30

I have to analyzed a image which containing both English and Japanese texts. When I run tesseract by default (-l eng), some Japanese characters lost. Otherwise, if I run tesseract with japanese (-l jpn) some English characters lost (e.g. Email).

How can I run one process which recognize both English and Japanese characters?

Martin Thoma
  • 124,992
  • 159
  • 614
  • 958
pars
  • 409
  • 1
  • 5
  • 10

2 Answers2

53

Since tesseract 3.02 it is possible to specify multiple languages for the -l parameter.

-l lang The language to use. If none is specified, English is assumed. Multiple languages may be specified, separated by plus characters. Tesseract uses 3-character ISO 639-2 language codes.

An example:

tesseract myscan.png out -l deu+eng
tobltobs
  • 2,782
  • 1
  • 27
  • 33
  • 7
    But what's the effect on precision? Is there a risk of getting some English words wrong which would be be recognised if I didn't specify another language? What if I have no idea about the language of the document and select ten languages?
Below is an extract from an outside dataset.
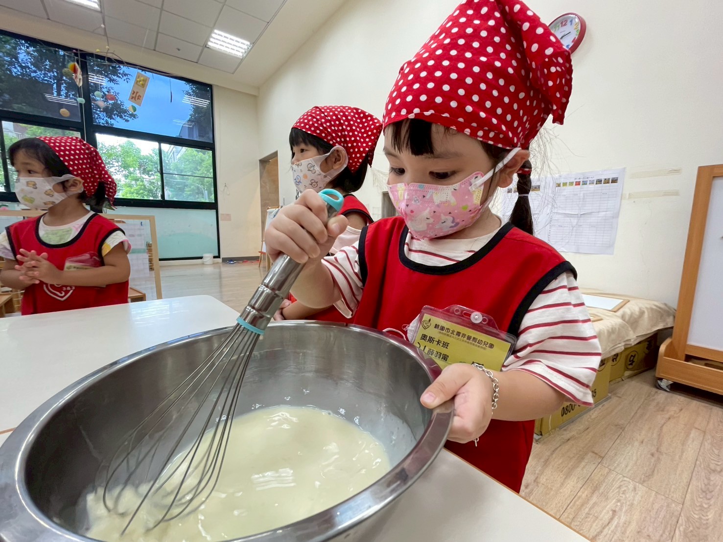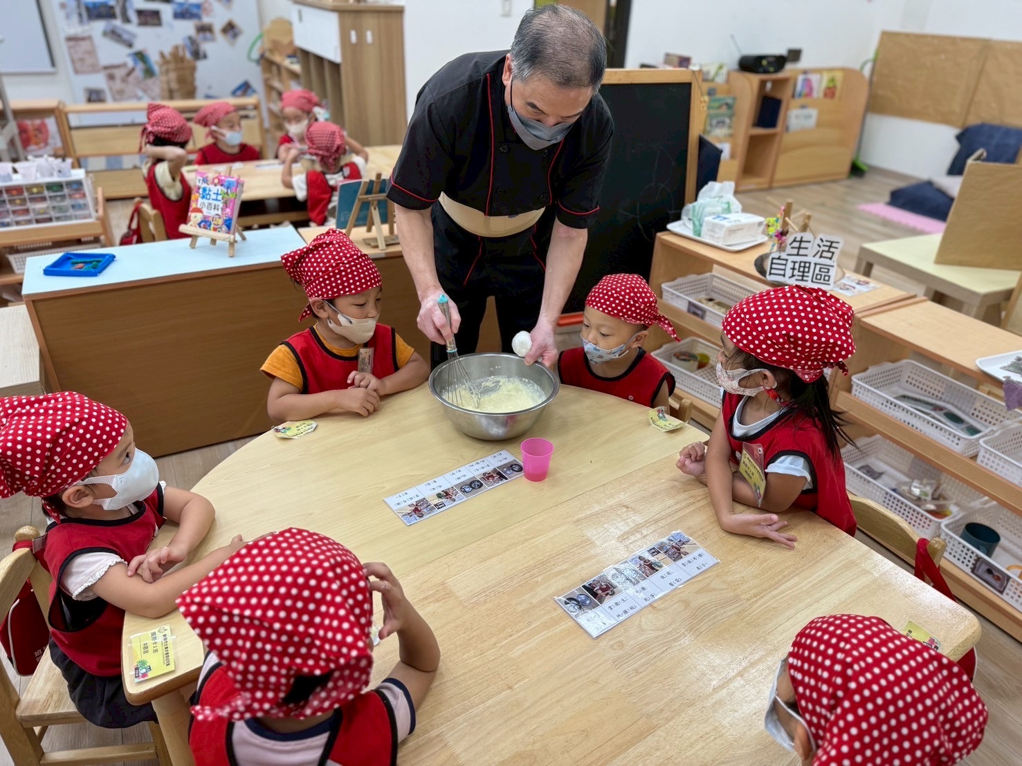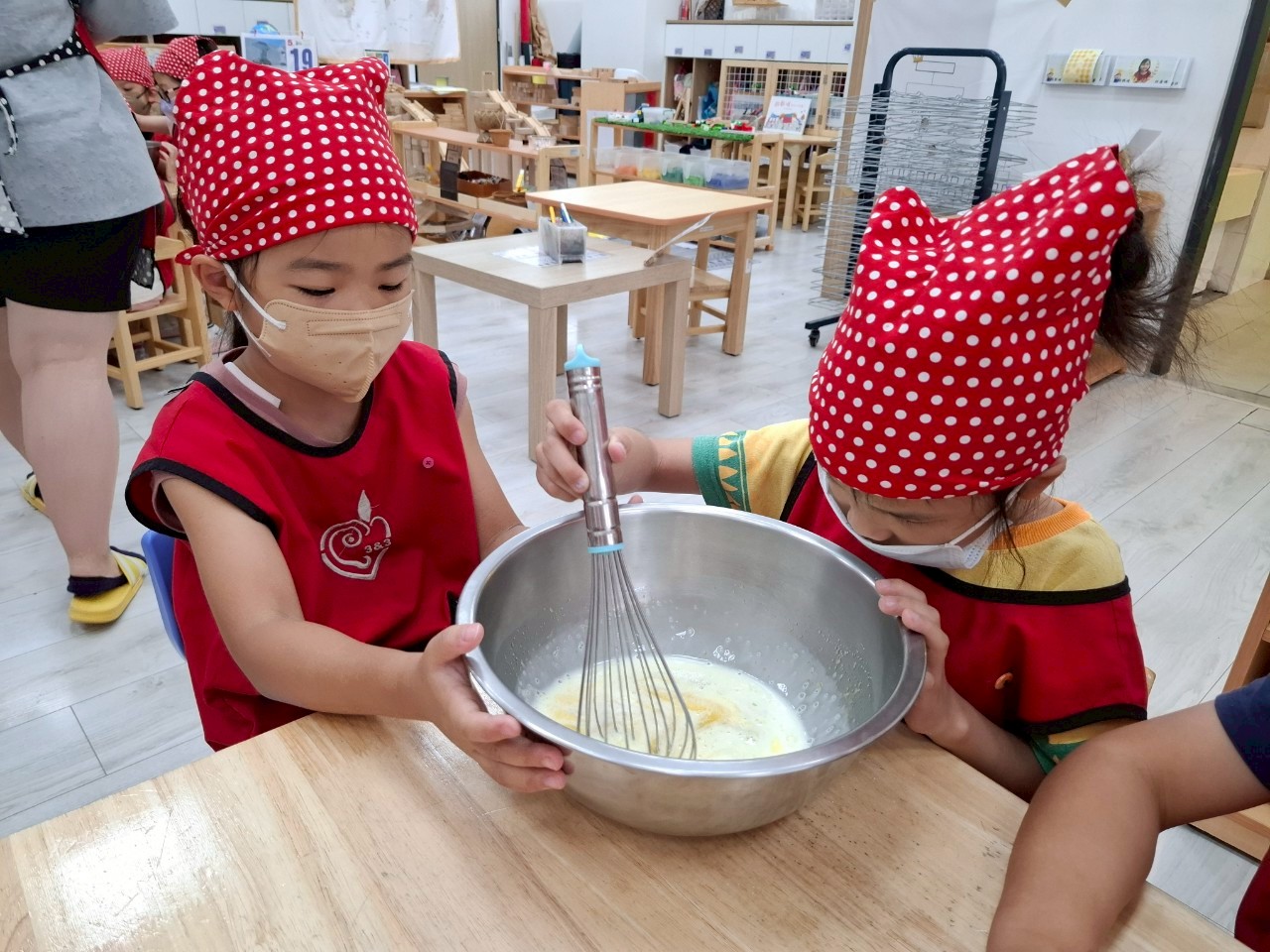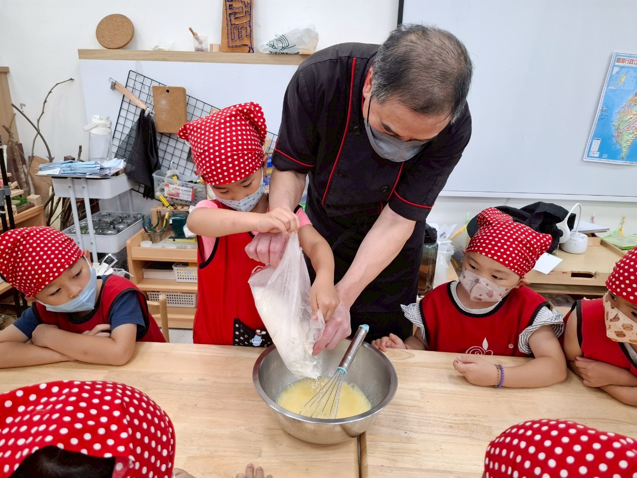 這個月我們一起動手做雞蛋糕,學習食材名稱與步驟,透過攪拌麵糊、倒入模型,體驗烘焙樂趣。

Does tesseract just try all languages on the whole text and then keep whichever words seem more likely to be correct based on the each language's dictionary? – Nemo Aug 22 '18 at 06:41
3

Try this:

custom_config = r'-l eng+jpn --psm 6'
txt = pytesseract.image_to_string(img, config=custom_config)

from langdetect import detect_langs
detect_langs(txt)

Note: you have to install langdetect by using:

 pip install langdetect
rahul
  • 53
  • 4